§ TO DO: Only the lines below between the one holding "Поблизу Соборної площі, в" and the one holding "There are four", inclusive, are to be reproduced word for word; the pictures are to be left out.

== DATA SHOWN

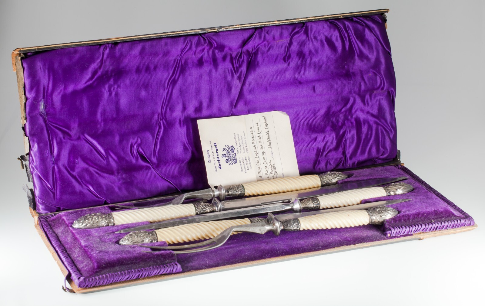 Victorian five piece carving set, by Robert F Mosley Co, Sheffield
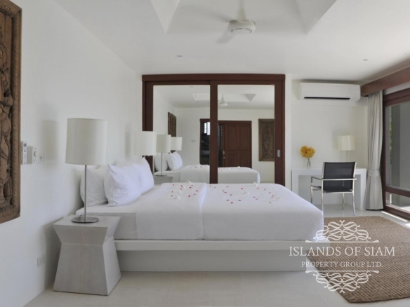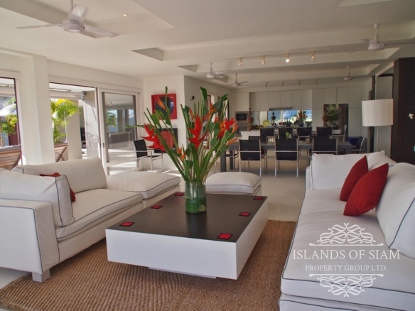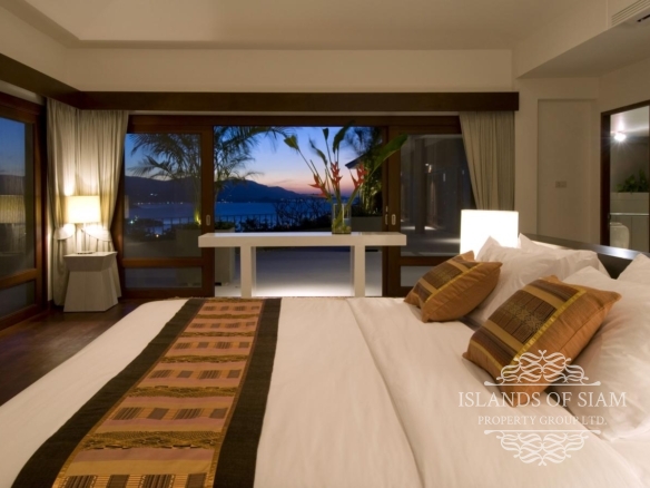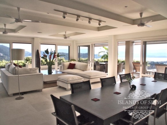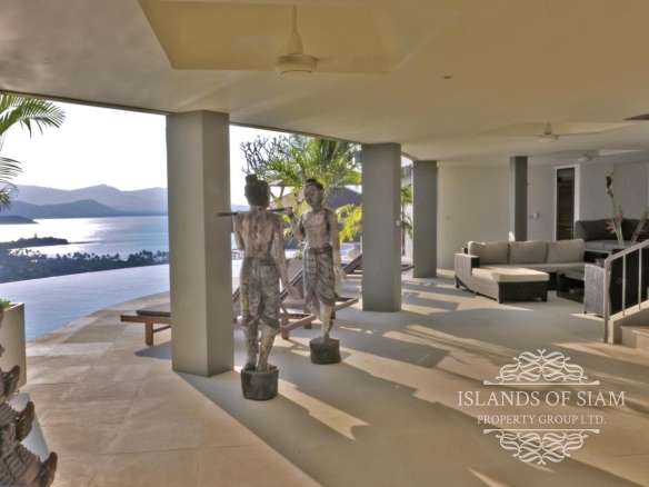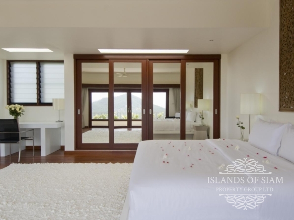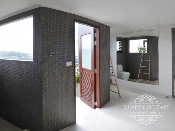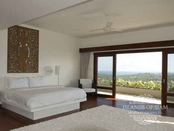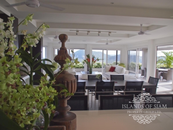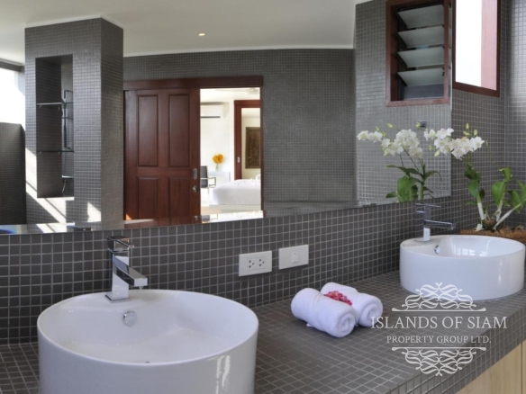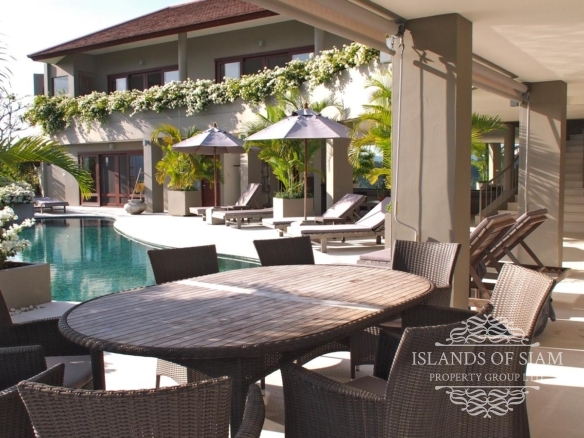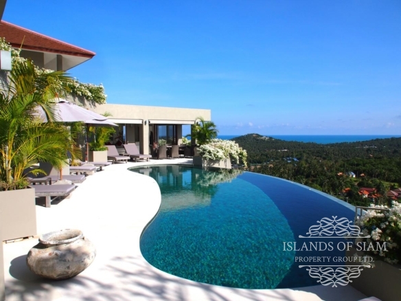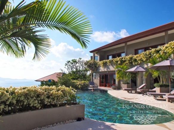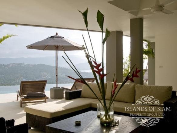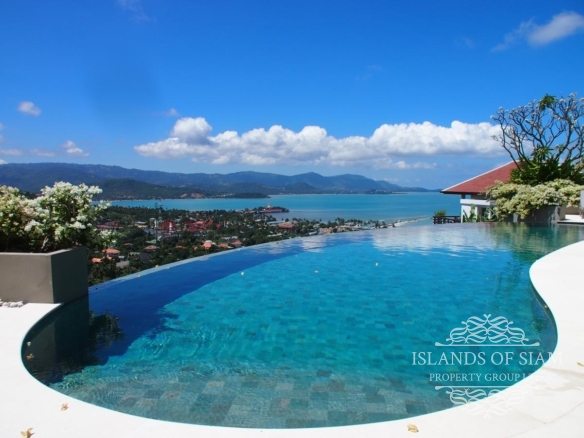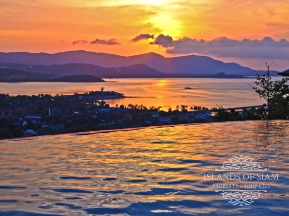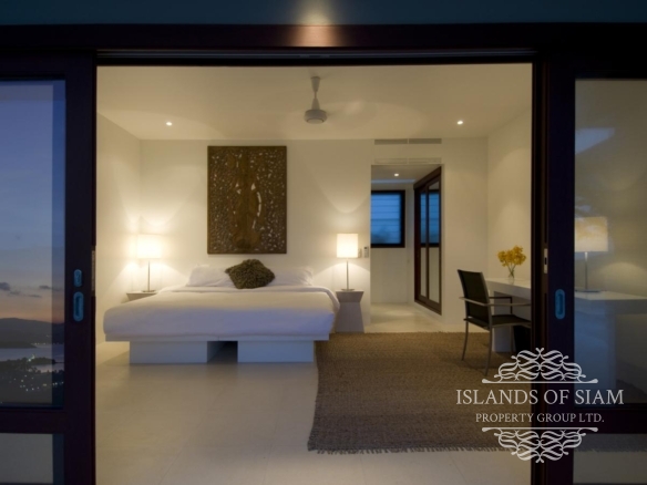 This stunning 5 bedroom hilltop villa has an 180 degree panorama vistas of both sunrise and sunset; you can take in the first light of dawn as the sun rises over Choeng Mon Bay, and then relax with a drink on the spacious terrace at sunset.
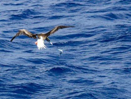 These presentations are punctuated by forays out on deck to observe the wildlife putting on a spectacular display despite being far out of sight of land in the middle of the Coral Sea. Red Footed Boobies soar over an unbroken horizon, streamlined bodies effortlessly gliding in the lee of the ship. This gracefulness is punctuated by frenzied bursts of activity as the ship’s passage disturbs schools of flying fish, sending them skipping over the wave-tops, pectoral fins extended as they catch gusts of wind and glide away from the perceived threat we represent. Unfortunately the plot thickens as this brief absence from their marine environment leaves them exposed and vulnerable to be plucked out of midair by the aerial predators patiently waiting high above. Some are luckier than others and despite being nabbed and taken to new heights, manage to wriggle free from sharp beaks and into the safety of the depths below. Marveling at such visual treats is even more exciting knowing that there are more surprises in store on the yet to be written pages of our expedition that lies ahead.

====
== DATA SHOWN

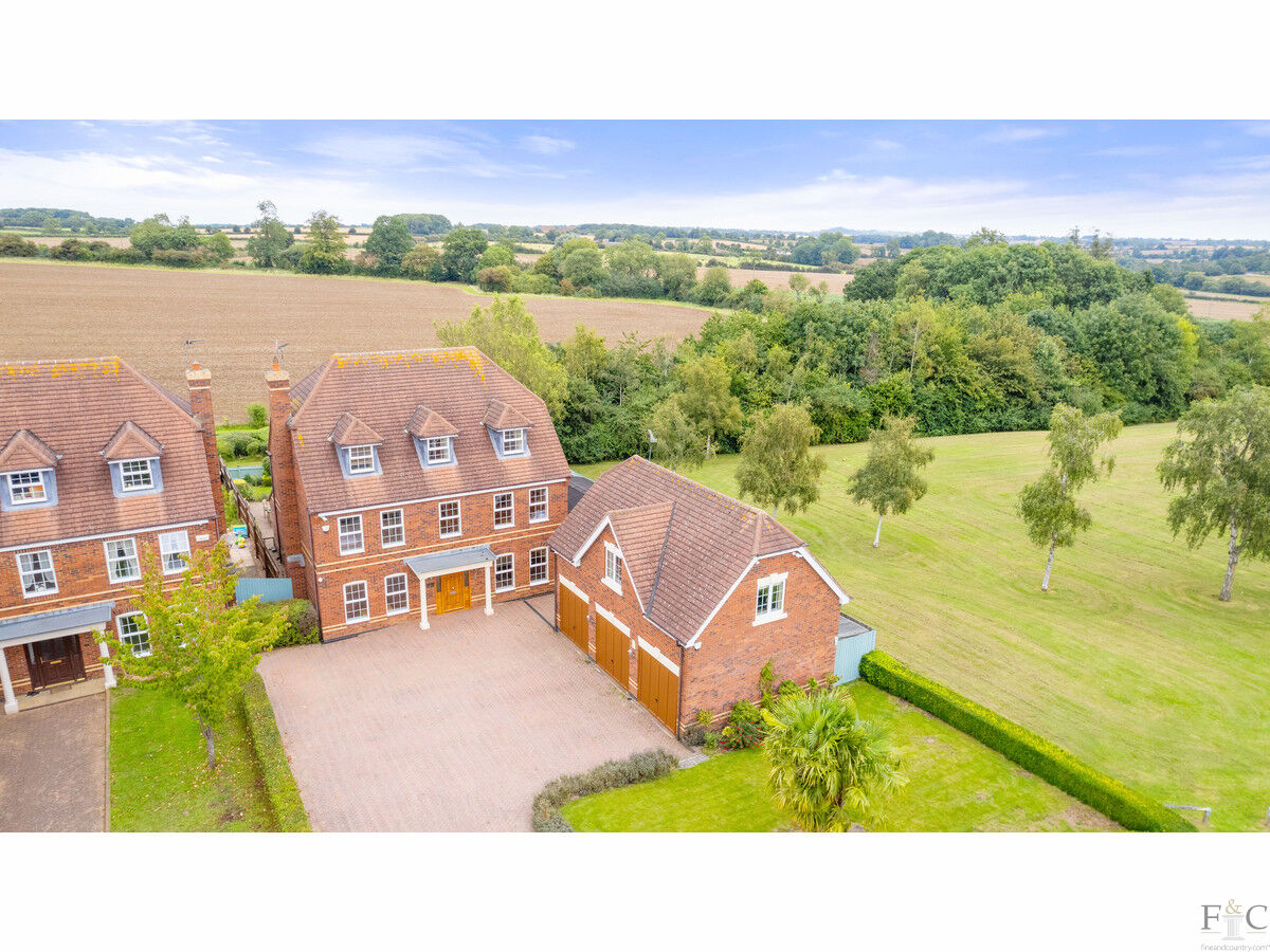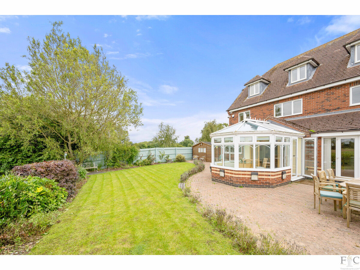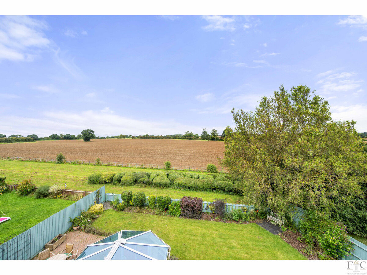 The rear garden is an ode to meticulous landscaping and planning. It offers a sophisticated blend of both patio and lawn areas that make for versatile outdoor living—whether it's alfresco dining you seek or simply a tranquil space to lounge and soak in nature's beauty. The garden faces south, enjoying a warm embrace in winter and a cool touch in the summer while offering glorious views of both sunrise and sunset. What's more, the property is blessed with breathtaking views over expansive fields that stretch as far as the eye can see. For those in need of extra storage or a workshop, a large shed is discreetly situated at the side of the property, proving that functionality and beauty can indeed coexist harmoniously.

====
== DATA SHOWN

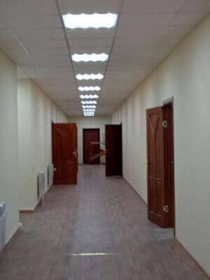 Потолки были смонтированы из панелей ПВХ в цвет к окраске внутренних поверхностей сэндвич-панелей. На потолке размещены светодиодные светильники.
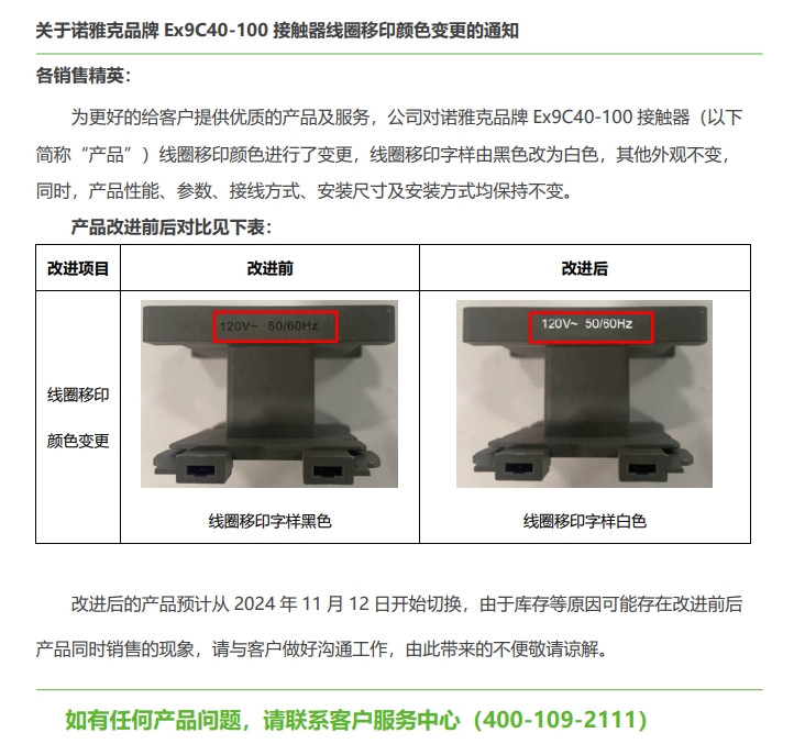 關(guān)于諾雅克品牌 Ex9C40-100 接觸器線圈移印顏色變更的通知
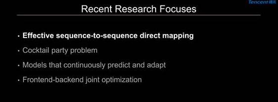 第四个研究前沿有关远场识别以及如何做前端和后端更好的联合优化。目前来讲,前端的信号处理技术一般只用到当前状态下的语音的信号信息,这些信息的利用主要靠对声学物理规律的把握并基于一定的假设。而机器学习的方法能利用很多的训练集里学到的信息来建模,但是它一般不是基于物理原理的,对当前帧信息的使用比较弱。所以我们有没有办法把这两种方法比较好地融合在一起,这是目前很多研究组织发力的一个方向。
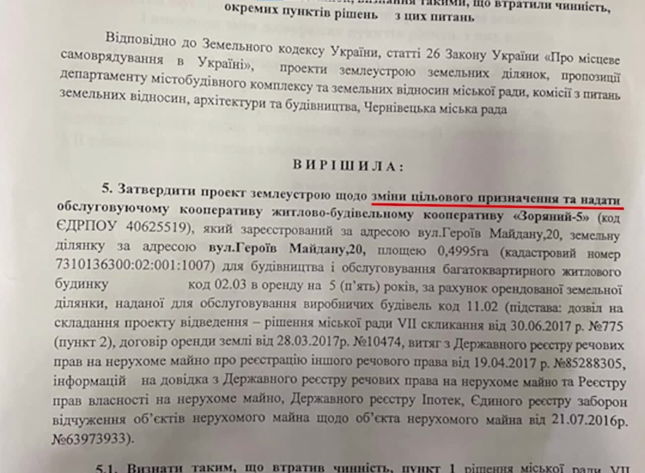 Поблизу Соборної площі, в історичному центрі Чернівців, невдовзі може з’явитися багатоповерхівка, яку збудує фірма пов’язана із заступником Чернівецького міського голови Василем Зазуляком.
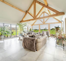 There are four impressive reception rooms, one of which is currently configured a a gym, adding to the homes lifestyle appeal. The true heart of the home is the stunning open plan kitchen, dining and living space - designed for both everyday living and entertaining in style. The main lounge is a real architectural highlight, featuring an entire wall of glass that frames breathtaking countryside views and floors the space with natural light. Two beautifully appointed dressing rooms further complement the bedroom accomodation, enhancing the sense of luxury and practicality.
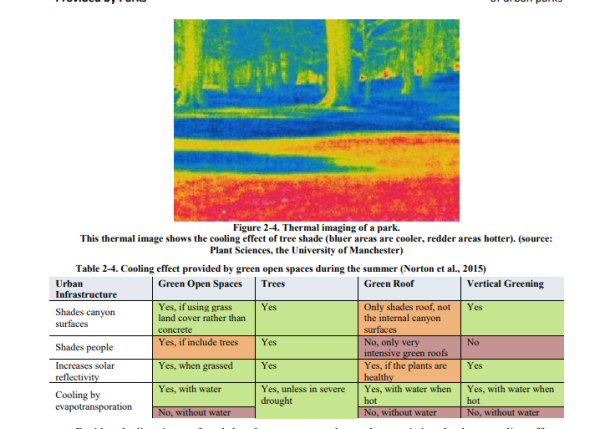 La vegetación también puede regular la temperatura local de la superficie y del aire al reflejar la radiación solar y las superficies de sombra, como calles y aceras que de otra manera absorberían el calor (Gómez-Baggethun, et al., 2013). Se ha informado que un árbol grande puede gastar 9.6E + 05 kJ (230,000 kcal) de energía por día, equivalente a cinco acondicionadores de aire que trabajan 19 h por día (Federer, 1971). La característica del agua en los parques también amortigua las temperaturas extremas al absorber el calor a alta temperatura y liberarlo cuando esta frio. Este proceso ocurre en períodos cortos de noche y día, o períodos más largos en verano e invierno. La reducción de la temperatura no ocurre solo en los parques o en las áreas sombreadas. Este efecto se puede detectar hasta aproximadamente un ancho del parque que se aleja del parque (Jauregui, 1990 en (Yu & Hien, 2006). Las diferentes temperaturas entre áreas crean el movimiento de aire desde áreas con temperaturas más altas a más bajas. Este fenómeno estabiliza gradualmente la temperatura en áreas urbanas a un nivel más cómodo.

====

§ EXERCISE OUTPUT:
 Поблизу Соборної площі, в історичному центрі Чернівців, невдовзі може з’явитися багатоповерхівка, яку збудує фірма пов’язана із заступником Чернівецького міського голови Василем Зазуляком.
 There are four impressive reception rooms, one of which is currently configured a a gym, adding to the homes lifestyle appeal. The true heart of the home is the stunning open plan kitchen, dining and living space - designed for both everyday living and entertaining in style. The main lounge is a real architectural highlight, featuring an entire wall of glass that frames breathtaking countryside views and floors the space with natural light. Two beautifully appointed dressing rooms further complement the bedroom accomodation, enhancing the sense of luxury and practicality.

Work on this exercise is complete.